According to Rory Byrne, former chief designer of Ferrari, big manufacturers will lose incentive because of the introduction of standard engines
With an aim to reduce the operational costs in Formula One, a number of changes are likely to be introduced to the sport. One of the most contentious among them is that of standard engines, a move that would see all cars using the same engines. However, a majority of the top teams have expressed apprehension about this particular proposal. Rory Byrne, former chief designer at Ferrari, reasoned why the top manufacturers are against introducing standard engines.
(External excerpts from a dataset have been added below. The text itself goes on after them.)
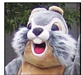
Stewart the Tree Steward Squirrel

The Front Royal/Warren County Tree Steward program has been in
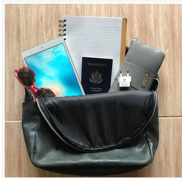
Image: The TSA Universal travel adapter is shown packed neatly inside a black travel bag, alongside other essential travel items such as a tablet, a US passport, sunglasses, and a notebook. This illustrates the compact size and portability of the adapter, making it suitable for travel.

For support or warranty claims, please contact Vericonic LLC, the manufacturer of TSA Universal products. Refer to your purchase documentation or the Vericonic website for contact details.
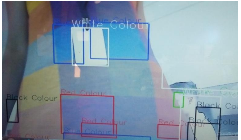
Fig.2. (b) Snapshot of Color Detection

The Raspberry pi is connected to the laptop with a USB cable. A free and open source application called Putty is used to run Raspberry pi on laptop. The pi is connected to USB camera. Open CV (Open Source Computer Vision Library) is installed on Raspberry pi for image processing. Whenever an object is placed in front of the camera, the camera detects color of the object as written in the code. Here, in the code, we have mentioned red, blue, yellow, white and black colors. Whenever these colors are detected by the camera it is shown on the screen. Morphological operator, dilation is used on the image generated by the camera. Hence, color detection is done with the help of image processing.
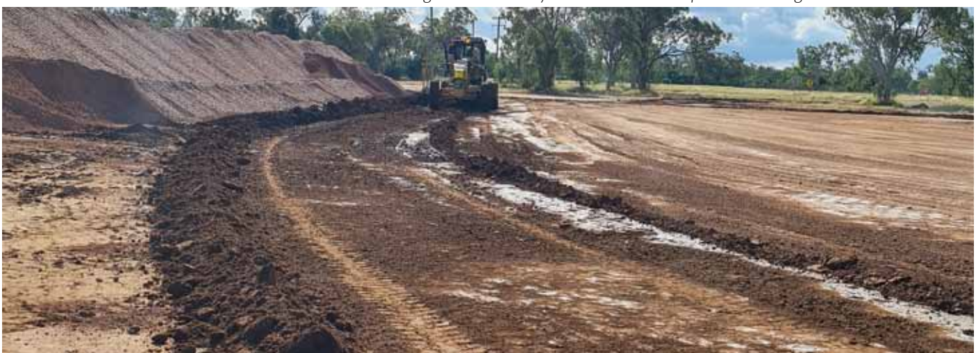
The project is expected to be completed by early August, weather permitting.
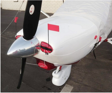
Jabiru 430 Engine Inlet Plugs
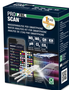
JBL PROSCAN Water test with analysis via smartphone
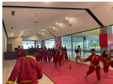
Tapak Suci Sports Academy weekly training session.
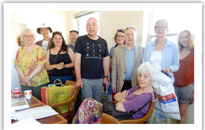
Team of volunteers off to deliver the household survey questionnaires

In parallel, we have been working towards drawing up the Saxmundham Neighbourhood Plan (NP). By law, an NP must not contradict the policies of the Local Plan, but
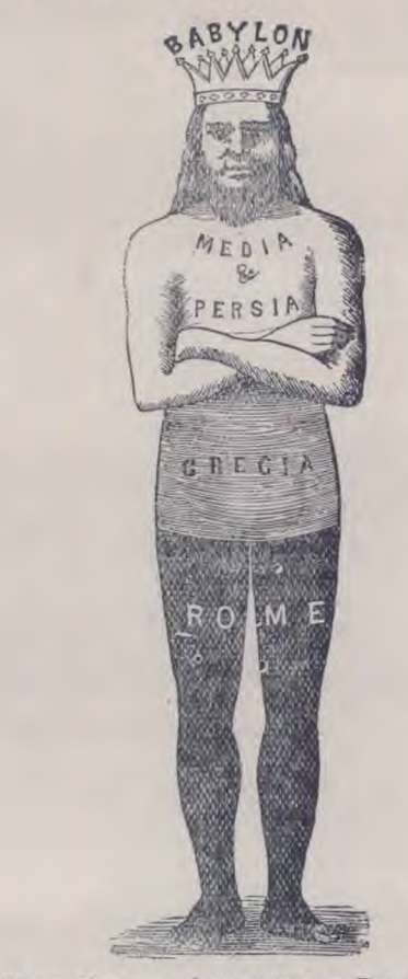
THE GREAT IMAGE OF DAN. ii.

Verse 48 indicates that efforts would be put forth to unite these nations. They should mingle with the seed of men. Royal houses would intermarry, but it would be of no avail. There could be no union. Charlemagne, Charles V., and Napoleon I., all tried to unite Europe into one grand empire and failed. One writer has truly said that one line of God's prophecy is stronger than all the power and plotting of men. The last state of world empire is a divided state, each divi-
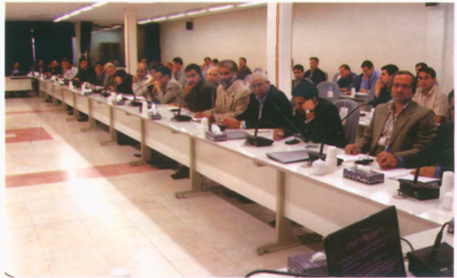
Delegates at the workshop in progress

A report from the National Federation of University Co-operative Associations of Japan was also
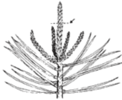
Figure 3. On pines, for bushier new growth pinch growing tips by snapping off 1/3 of the “candle” tips with fingers. Since pines produce few side buds, they are intolerant of more extensive pruning.

While shearing is quick and easy, it is not recommended, especially after mid-summer. Shearing creates a dense growth of foliage on the plant’s exterior. This in turn shades out the interior growth and the plant becomes a thin shell of foliage. Frequently sheared plants are more prone to show needle browning and dieback from winter cold and drying winds.

Byrne, who was in Mumbai on Monday, told DNA that the issue was complex as well as tricky. "The difficulty lays in balancing the economic aspects with the technical ones. If you go to standard engines for everyone, you remove the incentive for lot of major manufacturers for wanting to participate in F1 because most of the manufacturer's input is largely on the engine side. A team like Honda, for example, uses F1 as a training ground for their engineers. With a standard engine, you have removed this possibility for them. Quite understandably top teams are going to be against it," he remarked.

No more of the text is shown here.